A patient has been diagnosed with serous otitis media for the third time in the past year. How should the nurse best interpret this patients health status?
- A. For some patients, these recurrent infections constitute an age-related physiologic change.
- B. The patient would benefit from a temporary mobility restriction to facilitate healing.
- C. The patient needs to be assessed for nasopharyngeal cancer.
- D. Blood cultures should be drawn to rule out a systemic infection.
Correct Answer: A
Rationale: Step 1: Serous otitis media is common in children due to eustachian tube dysfunction, not usually related to systemic infections.
Step 2: Recurrent infections may indicate age-related changes like decreased eustachian tube function.
Step 3: Age-related physiologic changes can lead to poor drainage, causing recurrent otitis media.

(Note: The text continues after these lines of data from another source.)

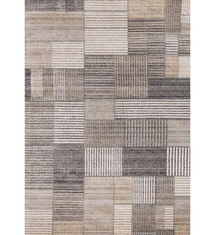 (5678/DE62 240320)-Swift White Grey Beige Striped Blocks Rug, 7'10
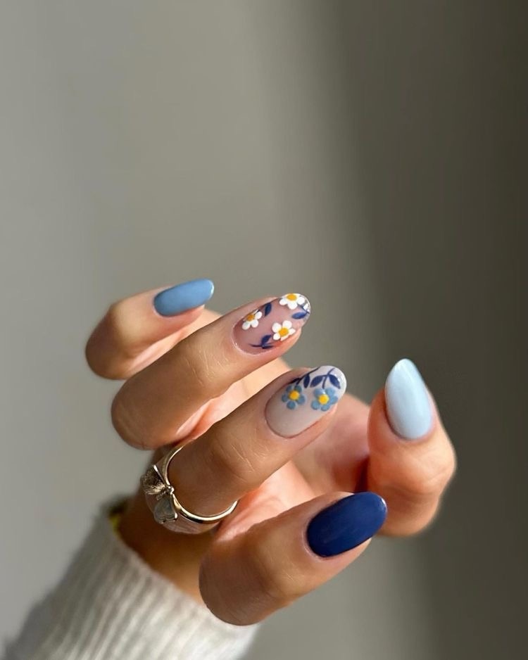 Check out these gorgeous sunflowers! The vibrant blue hues make for the perfect spring manicure.
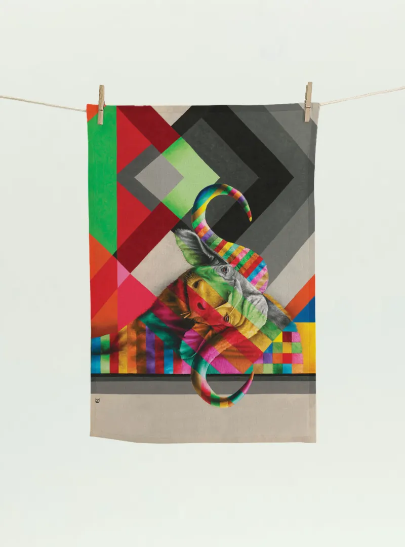 This tea towel is 100% cotton and has a hang tag in one corner.

Step 4: Therefore, choice A is correct as it aligns with the typical presentation of serous otitis media in the context of age.
Summary: Choice B is incorrect as there is no indication for temporary mobility restriction. Choice C is incorrect as serous otitis media does not typically warrant assessment for nasopharyngeal cancer. Choice D is incorrect as blood cultures are not typically indicated for serous otitis media.
A patient, brought to the clinic by his wife and son, is diagnosed with Huntington disease. When providing anticipatory guidance, the nurse should address the future possibility of what effect of Huntington disease?
- A. Metastasis
- B. Risk for stroke
- C. Emotional and personality changes
- D. Pathologic bone fractures
Correct Answer: C
Rationale: The correct answer is C: Emotional and personality changes. In Huntington disease, neurodegeneration affects the brain, leading to changes in behavior, emotions, and personality. These changes are characteristic of the disease progression. Metastasis (A) refers to the spread of cancer, which is not associated with Huntington disease. Risk for stroke (B) is not a typical manifestation of Huntington disease. Pathologic bone fractures (D) are not directly related to the primary symptoms of Huntington disease. Thus, addressing emotional and personality changes is crucial in providing anticipatory guidance for individuals with Huntington disease.